What about the Baby Boomer Teen-Weddings?

Minimum marriage age will be raised to 18 years. How do the the Baby-Boomer Teenager Shot- Gun Weddinger’s feel?

‘Minimum marriage age will be raised to 18 in England and Wales in days in bid to stop child brides being forced into wedlock.’

In this article, Stephen Wynn-davies focusses on immigrant brides but neglects the thousands of women who ‘had to get married’ because they were pregnant in the ’50s ’60s. Today, there will be a huge number of upset and angry Baby Boomers like me.

How do they feel? It was legal then to get married, and parents sanctioned it because the alternatives were as follows:

Parents hosting a BASTARD child, socially unacceptable.

ABORTION not legal – with the NHS, you had to be sanctioned by two psychiatrists that you were unfit to give birth

ADOPTION was – preferably after a suitable stay with an ‘Aunt’ so that friends and neighbours didn’t know.

MARRIAGE made it socially acceptable and sod the lives of the teenage parents and children involved.

UNMARRIED MOTHER no state support whatsoever

Why did women get pregnant then – because the pill wasn’t available to unmarried women.  so there were accidents.

Yes, at 16 you could get married, but were you mature? Mature enough to have sex, but not to carry the burden of mistakes. Mistake? No, it was classed as SIN.

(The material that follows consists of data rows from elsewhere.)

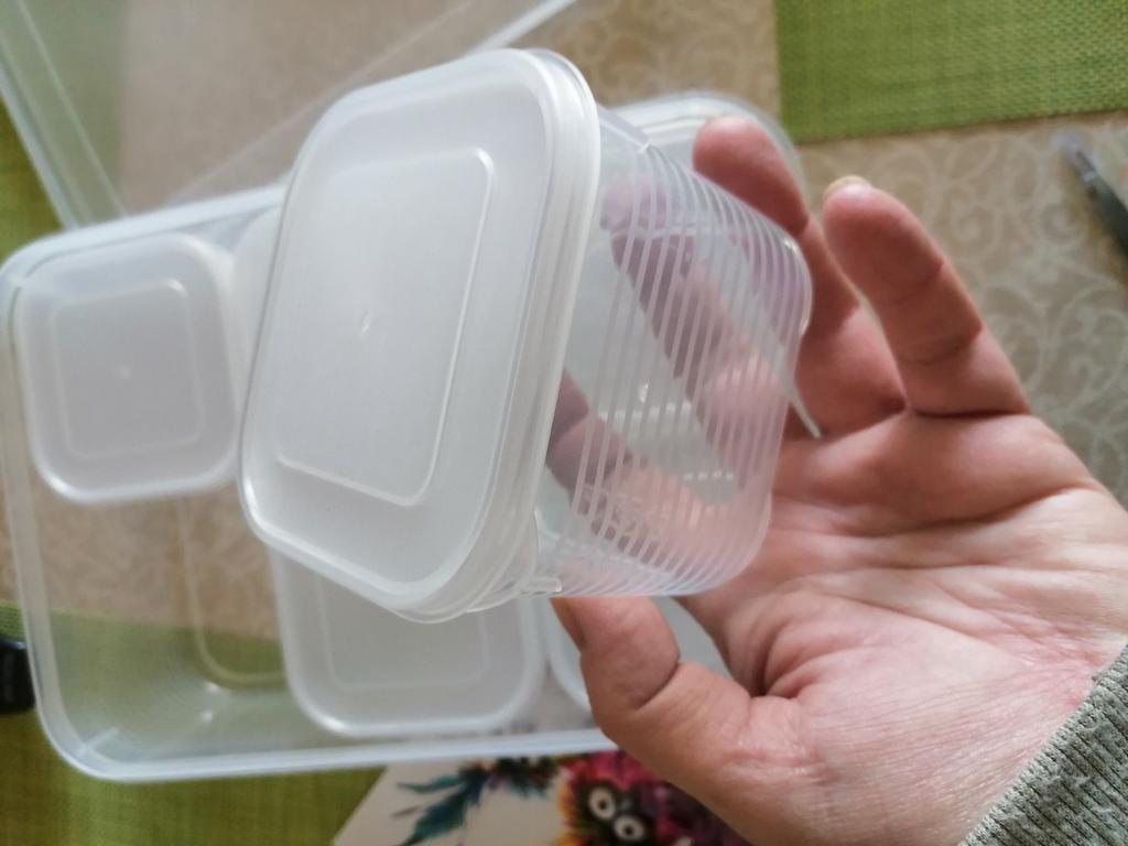 Neat, compact containers. I freeze soup in them in portions. In volume, just for 1 portion. The plastic is good, food-grade, absolutely odorless.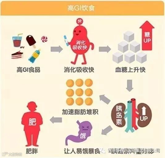 高GI值食物,在体内的消化吸收快,吃下去后血糖会在短时间内升高。之后胰岛素唤起身体机能,将吃进体内的热量转化为脂肪。同时,大量胰岛素使血糖快速下降,造成饥饿感,让我们不知不觉吃掉更多东西。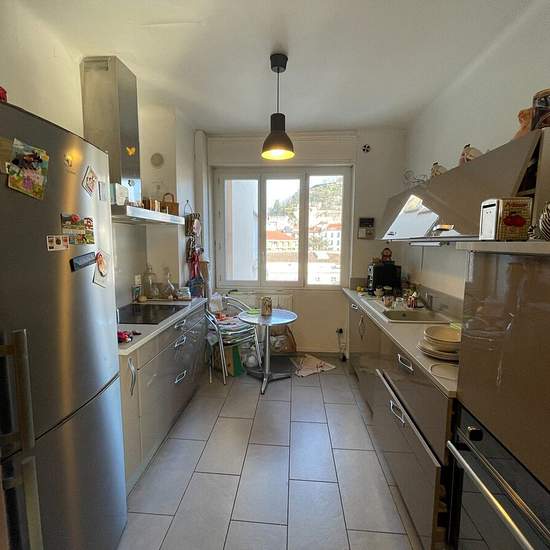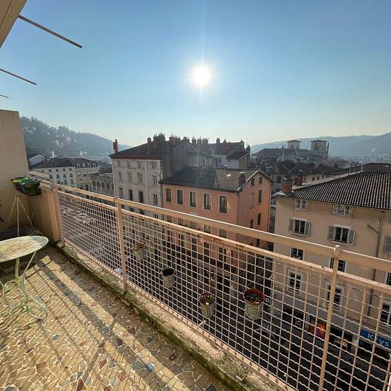 COEUR DE VIENNE Vue imprenable au 6ème étage avec ascenseur aux pieds des commerces - Venez découvrir ce très bel appartement entièrement meublé de type 3 de 76.96m2 environ et comprenant : Un hall d'entrée, une cuisine meublée et équipée ( hotte, plaque de cuisson, four, réfrigérateur / congélateur, micro-ondes, éléments de rangements hauts et bas), un salon / séjour très beau parquet avec accès balcon, une chambre avec lit double et grand dressing, une chambre avec possibilité 2 lits simples et rangements, une salle d'eau avec douche, meub...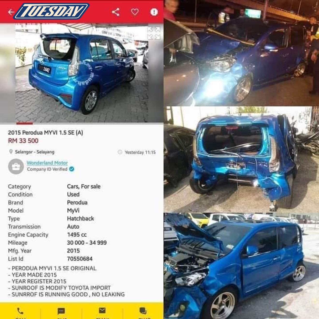 “Bang,kereta ni pernah kemalangan tapi dah dijual semula di applikasi ****H.MY.”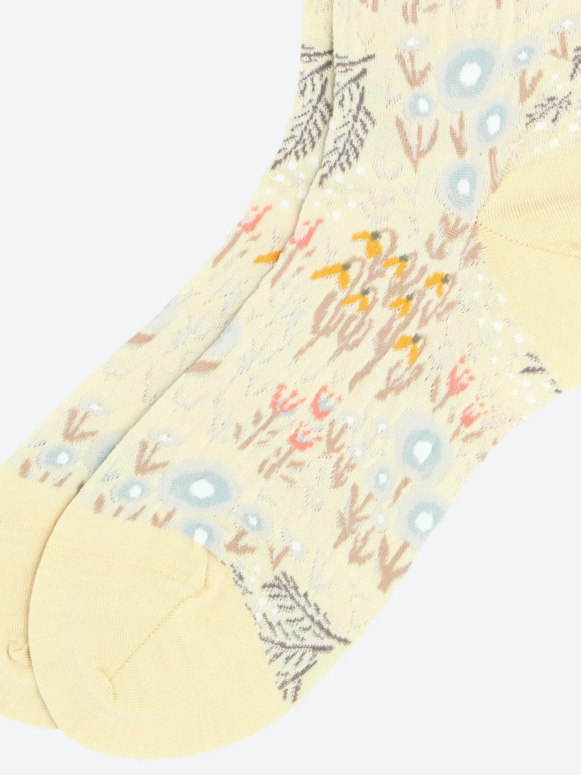 Antipast crew socks knitted in a fine gauge blend with a floral jacquard pattern.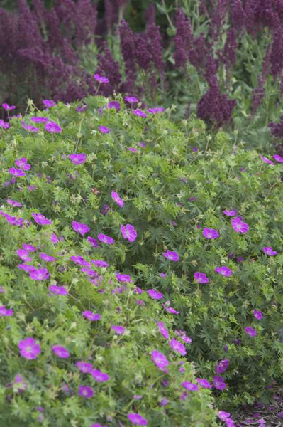 Flowers of good, strong, purple are borne throughout the season; plants to 15" tall; foliage assumes colorful tints in fall.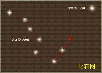 天枢和天璇两星相距约5°,如果把这两颗星用线段连接起来,沿天璇至天枢方向延长约五倍,就可找到一颗恒星,这就是著名的北极星,即小熊座α。北极星是目前来说距北天极最为接近的一颗亮星。在北斗七星中的北斗六12′处有一颗稍暗的四等星(晴朗无月夜,眼力较好的就能看到),这颗星叫“辅”,即大熊80。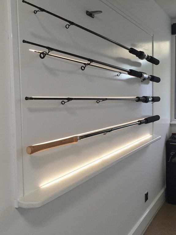 The cabinet’s design incorporates essential elements like built-in LED lighting for visibility and ventilation holes to prevent moisture accumulation. When installed properly with accurate measurements and secure mounting, these cabinets maximize vertical storage space while keeping valuable fishing gear protected from dust and potential damage.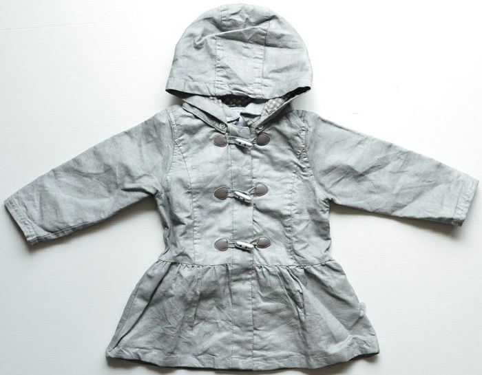 Trench fille Obaidi Taille 18 mois Couleur gris / argent Boutons et fermeture éclair Capuche amovible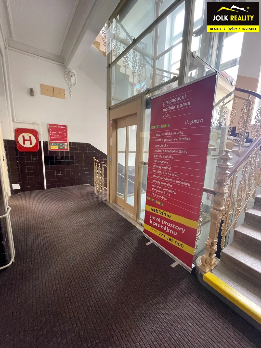 Nabízím Vám exkluzivně k pronájmu nově zrekonstruovaný reprezentativní komerční nebytový prostor o rozloze 27 m2 v centru Opavy, ve 4. NP s výtahem v cihlovém komerčním objektu. Prostor lze využívat např. jako kancelář, ateliér, sídlo firmy, pro provoz poradenské činnosti, internet. obchodu apod. Cena nájmu je bez služeb. Služby vychází na 3.500,- Kč. V prostoru je možnost využít i klimatizační jednotky. Na chodbě se pak nachází toalety. Majitel požaduje dvě kauce. Po dohodě je možné umístění firemního označení na budově. Majitel preferuje dlouhodobý pronájem. V případě zájmu o prohlídku, mě prosím kontaktujte.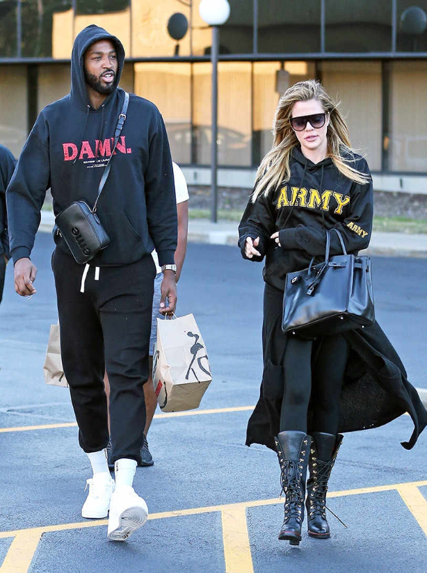 Anggota Kardashian itu terlihat mengenakan hoodie hitam bertulisan 'Army' dengan bawahan legging dan sepatu boots hitam tinggi. Sementara Tristan mengenakan hoodie hitam bertulisan 'DAMN'. Tangan pemain basket Cleveland Cavaliers itu mengenggam tas belanjaan.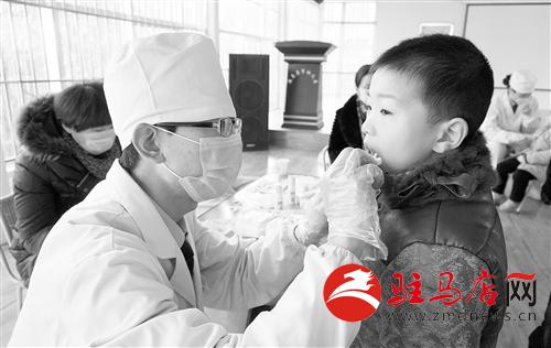 根據省衛生廳、省教育廳《2013年河南省兒童口腔疾病綜合干預項目實施方案》和《2013年河南省學齡前兒童乳牙齲綜合干預項目實施方案》的通知精神,由市口腔醫院免費為孩子做牙齒檢查及局部涂氟治療。這是醫護人員在市幼兒園為孩子們檢查乳牙的情景。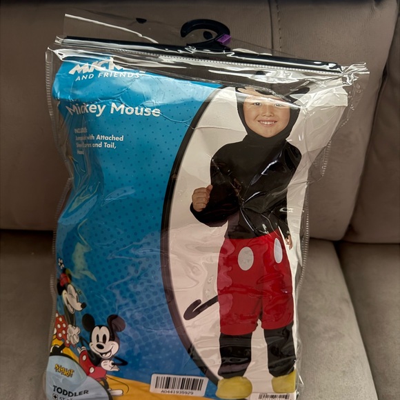 Adorable Mickey Mouse costume for toddlers. Features iconic black, red, and yellow design. Perfect for Halloween and dress-up fun. New condition worn just once for Halloween.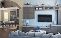 Для модели разработаны декоративные стекла, вытяжка и столовая группа.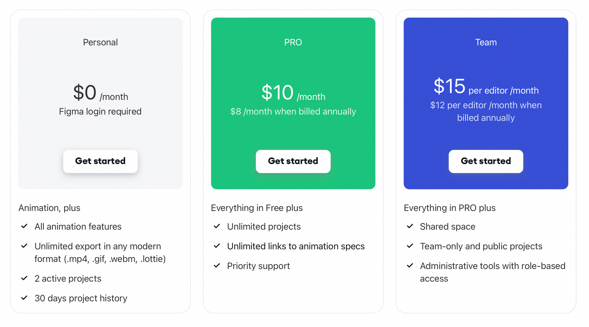 Aninix має три тарифні плани: Personal, Pro, Team. Персональний план – безкоштовний та дозволяє створювати всі типи анімації у зручних форматах з обмеженням до 2 проєктів. План Pro, своєю чергою, дозволяє створити необмежену кількість проєктів, так само надає всі анімації, а також додавати посилання до специфікацій. Вартість плану $10 на місяць. План Team – командний план зі всіма функціями співпраці. Користувачам надається спільний простір з можливістю редагування та можливістю додати колег за посиланням. Вартість тарифу складає $15 на місяць.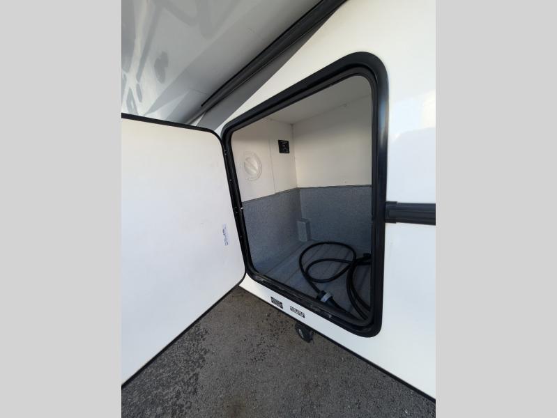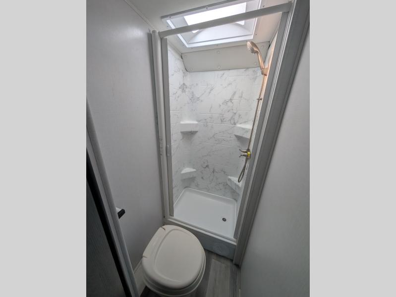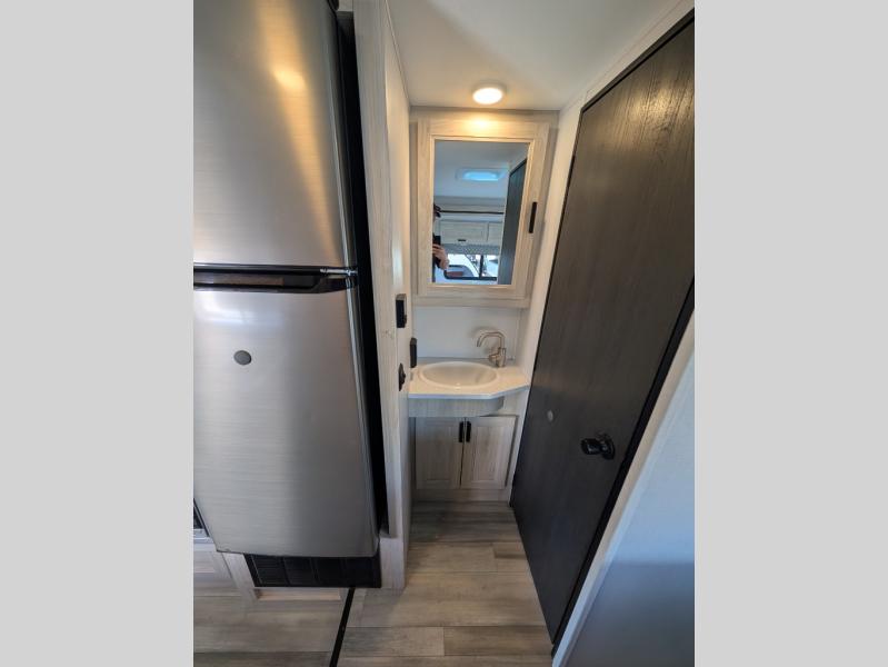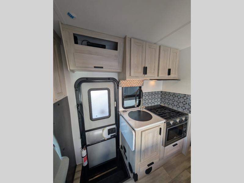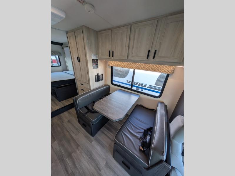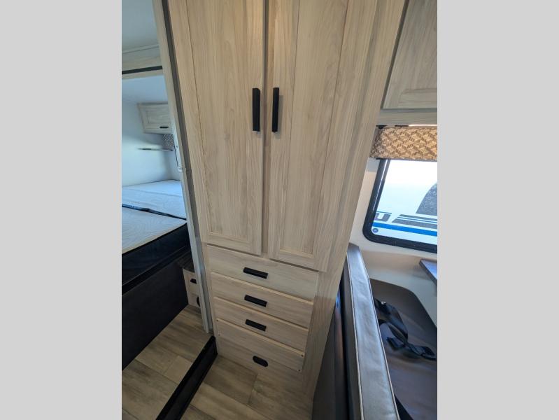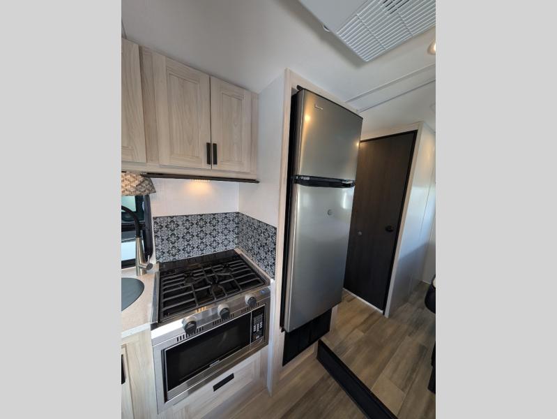 Enjoy trips near and far in this single slide out coach. The kitchen provides a 10.7 cu. ft. 12V refrigerator to store the cold items, a convection microwave and a recessed three-burner range to whip up meals. The private toilet and shower give you a place to get cleaned up, and the bathroom sink is just outside the door. This model includes a queen bed slide out with a wedge mattress, and there is a cab-over bunk for your guests. You can spend your evenings playing cards at the booth dinette, or head outdoors to relax under the 14' power awning with LED lights!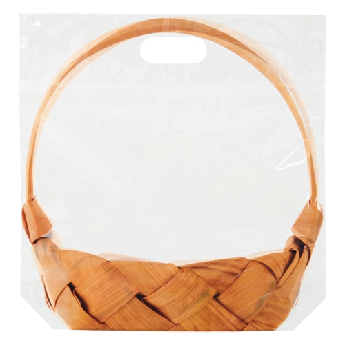 ●かごがプリントされたジップ付きバッグのSサイズ。
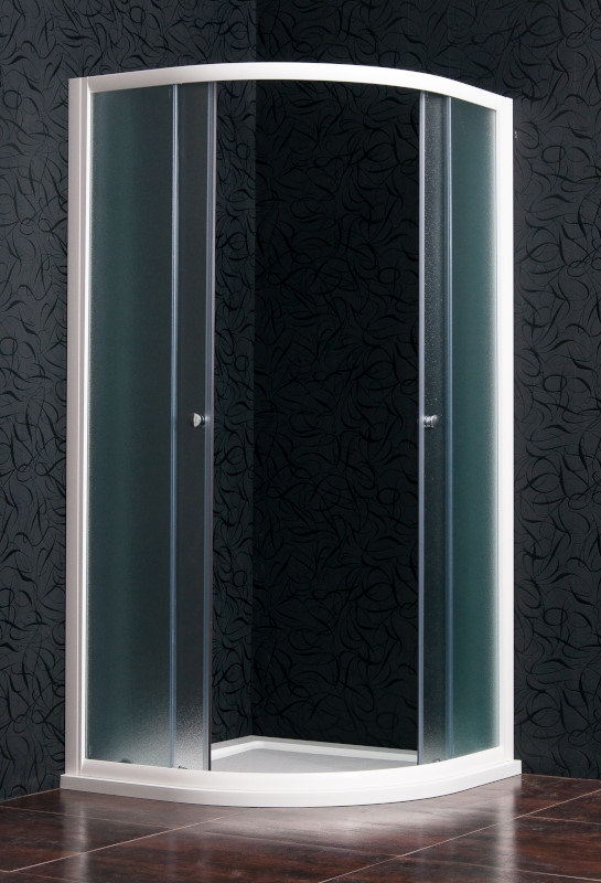 Termék jellemzők: 4mm biztonsági üveg  grape mintázat aluminium / fehér szín rádiusz: R550 görgős toloajtó állítható fali profillal opcionálisan rendelhető erősített akril zuhanytálcával Rendelhető méretek: 80x80x185cm 90x90x185 cm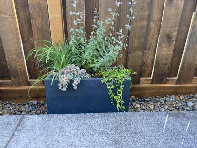 15" Kante Lightweight Modern Long Low Outdoor Concrete Rectangular Planter Charcoal Black - Rosemead Home & Garden, Inc.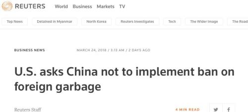 據(jù)路透社報(bào)道,會議上美方代表表示,中國對于可回收品的進(jìn)口限制已經(jīng)極大地中斷了全球廢金屬供應(yīng)鏈的運(yùn)轉(zhuǎn),要求中國取消對“洋垃圾”的進(jìn)口禁令。

I am today, thinking my parents and his parents (now deceased), would face seven years in jail for what they put me and my boyfriend through, never mind the bewildered child that nobody wanted, born to teenagers.

Dee Harrison and I have written this book ‘Feeding the Gods’ by Elizabeth Harrison. It covers the years 1975 – 2005 and the experiences of four women who meet at college. It is fiction, but our stories about being teenage parents are there.

Elizabeth Harrison is our pen name, we are Dee Harrison and Liz Buxton, and we met on our first day at school. Liz had her rabbit picture displayed on the noticeboard and Dee was one of the first to tie a bow and get her name on the black board. We were five years old – was this an early indication of the direction of our skill sets – practical and logical, art and science?

We grew up in the 1950s and 1960s when there was little encouragement for women to challenge traditional expectations which were; a job (not a career), marriage, children, a girdle (google it), a perm at age forty….and invisibility thereafter.

But there were always women who dared to mix things up a bit. And that was us.

At primary school, Liz joined the woodwork class and Dee the chess team – the only girls. Neither of us liked grammar school discipline, with its demands for inexplicable conformity – kneeling down to have your skirt length checked; a detention if you wore a black bra. Rather than make us conform, this kind of discipline fuelled a desire to get away and do our own thing. When we met up some years later, age twenty-one, we literally bumped our respective baby bumps into one another at a local supermarket. We hadn’t got so far then.

By the time we were twenty-three, we had five children between us, so much for doing our own thing. Unsurprisingly, by the time we were thirty we were both divorced. Now, with no one to tell us what to do or say, we were liberated. We both went back to university, we got good jobs, and as single parents, brought up our children. We had fun and we shared so many experiences, and often said, ‘this is one for the book’.

Some ten years later, we had both met kind men who treated us as equals, and we married them. Then our lives then took totally different paths again with Liz sailing the high seas, crewing across the Atlantic, and living aboard a yacht sailing the Mediterranean; Dee working in IT, and becoming involved in the start-up and development of two successful software companies. When we finally had more time on our hands, the idea of ‘the book’ took hold. As we live on different sides of the country, remote working using Skype worked well for us long before lockdown made it popular. Writing together is both challenging and fun and we have learnt to integrate our different styles and roles into a creative writing process.

Feeding The Gods is a tribute to women brought up in the 1960s and 70s and their experiences in the decades of social change that followed. Is it autobiographical? no, but we did draw upon our experiences and those of others.

Feeding The Gods follows the lives of four women who meet at a university party in the mid 1970’s. When, thirty years later, one of them dies in suspicious circumstances, the subsequent fall out uncovers lies and betrayals. In their search for the truth, the women take on drug companies happy to put profits before safety, and a government desperate to cut the healthcare bill.